Under our Articles of Incorporation, we have authority to issue 500,000,000 shares of common stock, par value $0.01 per share. All of our issued and outstanding shares of common stock are fully paid and nonassessable.
Subject to the rights of the holders of any of our preferred stock then outstanding, the holders of our common stock are entitled to receive ratably such dividends, if any, as may be declared from time to time by our board of directors out of legally available funds. As of the date of this Annual Report on Form 10-K, we have not declared or paid any dividends on our shares of common stock, and there were no shares of preferred stock outstanding, although our board of directors is authorized to issue preferred stock with rights senior to those of the common stock without any further vote or action by the holders of our common stock.
Rights Upon Liquidation
In the event we are liquidated, dissolved or our affairs are wound up, after we pay or make adequate provision for all of our known debts and liabilities, each holder of common stock will receive distributions pro rata out of assets that we can legally use to pay distributions, subject to the rights of the holders of any of our preferred stock then outstanding.
Holders of our common stock are entitled to one vote per share and will have the exclusive power to vote on all matters presented to our shareholders, including the election of directors, except as otherwise provided by the VSCA and subject to the rights of the holders of any of our preferred stock then outstanding. An election of directors by our shareholders will be determined by a plurality of the votes cast by the shareholders entitled to vote on the election, although we have a director resignation policy applicable to director nominees in uncontested elections. Our Articles of Incorporation do not provide for cumulative voting. In accordance with our Articles of Incorporation, our board is divided into three classes serving staggered three-year terms, with one class being elected each year at our annual meeting of shareholders.
Subject to certain exceptions set forth in the VSCA, matters other than the election of directors generally will be approved if the votes cast by our shareholders favoring the action exceed the votes cast opposing the action. Subject to the rights of the holders of any of our preferred stock then outstanding, however, the affirmative vote of at least 75% of the voting power of the outstanding shares of our capital stock entitled to vote generally in the election of directors, voting together as a single group, will be required to take the following actions:
•remove a director, which may only be done for cause; and
•alter, amend, repeal, or adopt any provision inconsistent with, the provisions of (1) our Articles of Incorporation that provide for a classified board, director removal only for cause, filling of newly created or vacant directorships, or bylaw amendments or (2) our Bylaws.

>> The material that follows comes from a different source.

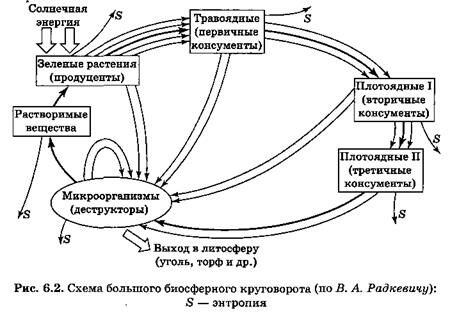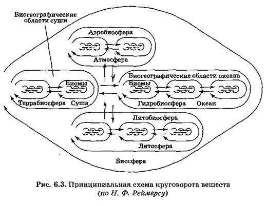 Круговорот биотический — явление не прерывного, циклического, закономерного, но неравномерного во времени и пространстве перераспределения вещества, энергии, информации в пределах экологических систем различного иерархического уровня организации — от биогеоценоза до биосферы. Круговорот веществ в масштабах всей биосферы называют большим кругом (рис. 6.2), а в пределах конкретного биогеоценоза малым кругом биотического обмена.

Holders of our common stock will have no preference, appraisal or exchange rights, except for any appraisal rights provided by the VSCA. Furthermore, holders of our common stock have no conversion, sinking fund or redemption rights, or preemptive rights to subscribe for any of our securities.
Potential Anti-Takeover Effects of Certain Provisions of Virginia Law and Our Organizational Documents
Certain provisions of the VSCA, our Articles of Incorporation and our Bylaws could hamper a third-party’s acquisition of, or discourage a third-party from attempting to acquire control of, us or limit the price that investors might be willing to pay for shares of our common stock. These provisions or arrangements include:
•The ability to issue preferred stock with rights senior to those of our common stock without any further vote or action by the holders of our common stock. The issuance of preferred stock could decrease the amount of earnings and assets available for distribution to the holders of our common stock or could adversely affect the rights and powers, including voting rights, of the holders of our common stock. In certain circumstances, such issuance could have the effect of decreasing the market price of our common stock.
•The existence of a staggered board of directors in which there are three classes of directors serving staggered three-year terms, thus expanding the time required to change the composition of a majority of directors.
•The requirement that shareholders provide advance notice when nominating director candidates to serve on our board of directors.
•The inability of shareholders to convene a shareholders’ meeting without the chairman of the board, the president or a majority of the board of directors first calling the meeting.
•The prohibition against entering into a business combination with the beneficial owner of 10% or more of our
outstanding voting stock for a period of three years after the 10% or greater owner first reached that level of
stock ownership, unless certain criteria are met.